The TCGA database need to be proper sited. There are at least two TCGA datasets. The author needs to specify the set.
Furthermore, the authors analysis 33 patients but there are additional samples in PanCancer Atlas or provisional sets. The author needs to list the reason for such selection or include all the samples.
Recently, a paper with the similar approach was published (Mao et al. Hepatology Res. June 2019). The originality is thus limited here. However, Mao et al. dissect the genome network by other bioinformatic tool to explore the protein-protein interaction. On the other hand, the authors adopted Kyoto Encyclopedia of Genes and Genomes (KEGG) analysis to explore the biological functions for the tumor progression. The result putative gene list is very different within two papers. Therefore, Liu et al. still brought valuable information for cancer-driven genes of CCA.

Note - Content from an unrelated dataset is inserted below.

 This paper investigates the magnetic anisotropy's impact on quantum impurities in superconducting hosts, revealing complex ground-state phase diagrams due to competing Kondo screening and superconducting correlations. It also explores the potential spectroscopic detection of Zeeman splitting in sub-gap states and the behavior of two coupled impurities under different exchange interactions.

Besides, in the draft the authors need to mentioned the above paper and compare it with the author's study.
Weighted correlation network analysis (WGCNA) is an established gene co-expression analysis method. Liu et al. applied WGCNA to the data from The Cancer Genome Atlas (TCGA). They identified several genes as putative biomarkers for cholangiocarcinoma (CCA).
-"If the expression of genes showed limited variation, we regraded them as noise and discard these ones."; I'm unclear as to why this was done
-"We chose genes associated with prognosis as candidate genes"; Cant say I agree with this. I'd rather see it more open ended regarding the selection of genes. I'd rather see the prognostic of genes more frequently implicated in CCA, not necessarily genes we may / may not encounter
-I'm not sure how the tan and salmon modules were specifically made. This part is unclear in both the methods and results. The Gene Ontology and KEGG methods need to be better defined and described
-The concept of modules based on GO does not make much sense, given the epigenetic factors which may be at play and the lack of commonality between some of the genes in the same modules. What would be better would be to report on the individual genes themselves. Additionally focusing on gene expression beyond the GO clusterings would be far more implicating. For example reporting on the frequency altered gene expression for major genes as BAP1, TP53, KRAS would be far more interesting and practical.

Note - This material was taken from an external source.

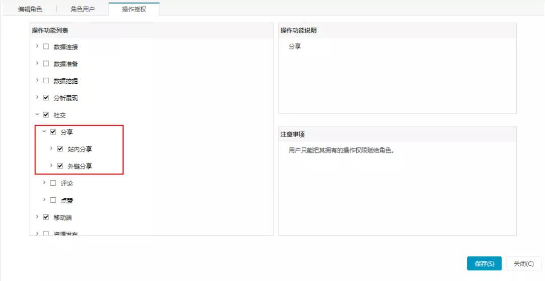 在操作授权中包括站内分享和外链分享设置项的操作选项,拥有站内分享操作权限才可以进行分享操作。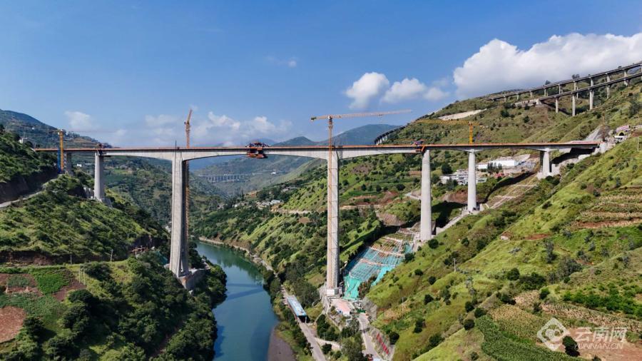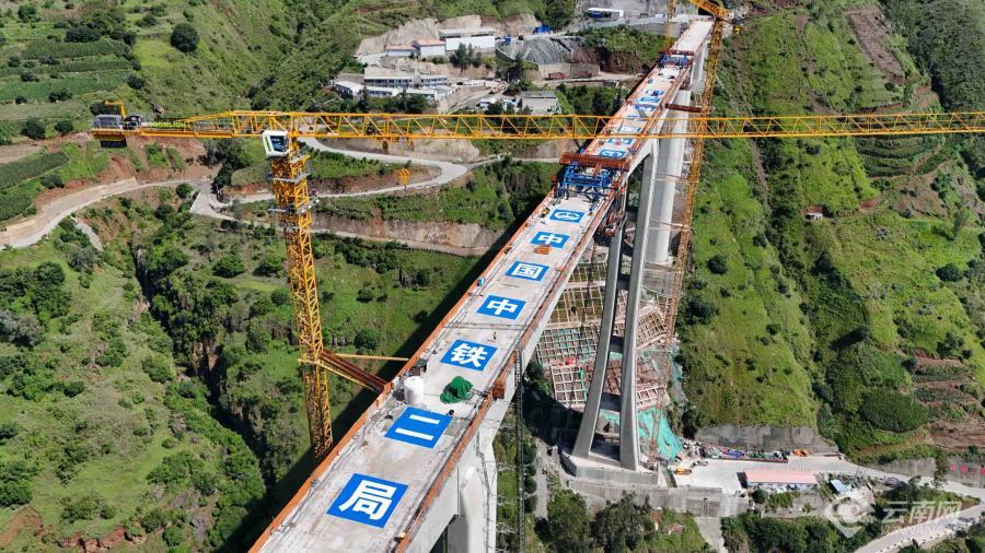 江底牛栏江特大桥位于云南省会泽县和贵州省威宁县交界处,全长568米,连续梁主跨160米,采用刚构连续梁结构,主墩高122米,相当于40层高楼,全桥横跨云贵交界处的牛栏江V形河谷地带,施工场地狭窄,两岸危岩落石频发,是全线重难点控制性工程。面对“高空作业、峡谷风场、生态敏感”等多重施工挑战,建设团队以科技创新破解施工难题。中铁二局渝昆高铁项目部现场负责人介绍,建设过程中,项目团队运用国内领先的全封闭液压爬模系统、智能温控混凝土养护技术、数字建模结合北斗定位系统等,成功解决了高空作业平台全方位安全防护、大体积混凝土浇筑零缺陷、合龙精度控制在毫米级以内等挑战,实现了作业安全和工程质量,为高原峡谷地区大跨度连续梁施工积累了宝贵经验。

-If modules were to be used what would be needed would be the exact frequency of these mutations detailed in TCGA data. It is not clear how frequently mutations (ie SOX2, KIT) and altered gene expression (of these proteins) are encountered in CCA to begin with.
-I would also be interested in knowing the prognostic and expression profiles other other modules such as DNA repair and immune based mechanisms. Given the therapeutic implications involved in these, these need to be described
-GO and KEGG analysis need to be better described. It is unclear based on the study exactly how the submodules were mapped
-Focus should be on protein expression of major genes which are more frequently implicated in CCA (ie TP53, BAP1). Unclear of the frequency of some of these mutations and through what means their expression is altered (ie epigenetic regulators)

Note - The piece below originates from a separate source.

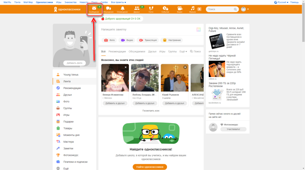 Одноклассники без пароля и логина (без регистрации) и поиск людей

Bottom Line: Overall interesting article. I'm not totally convinced of the findings, given the unclear frequency of some of these alterations and possible other factors contributing to altered gene expression in some of these cases. What I would be more interested in would be prognostic implications of genes tied to major mutations in CCA (ie KRAS, TP53, BAP1 etc) and gene expression signatures involving immune regulatory genes and DNA damage regulating genes, given potential therapeutic implications for both. I'm sure the data is there it just needs to be tailored to make an interesting case for prognosis and potential treatments for CCA.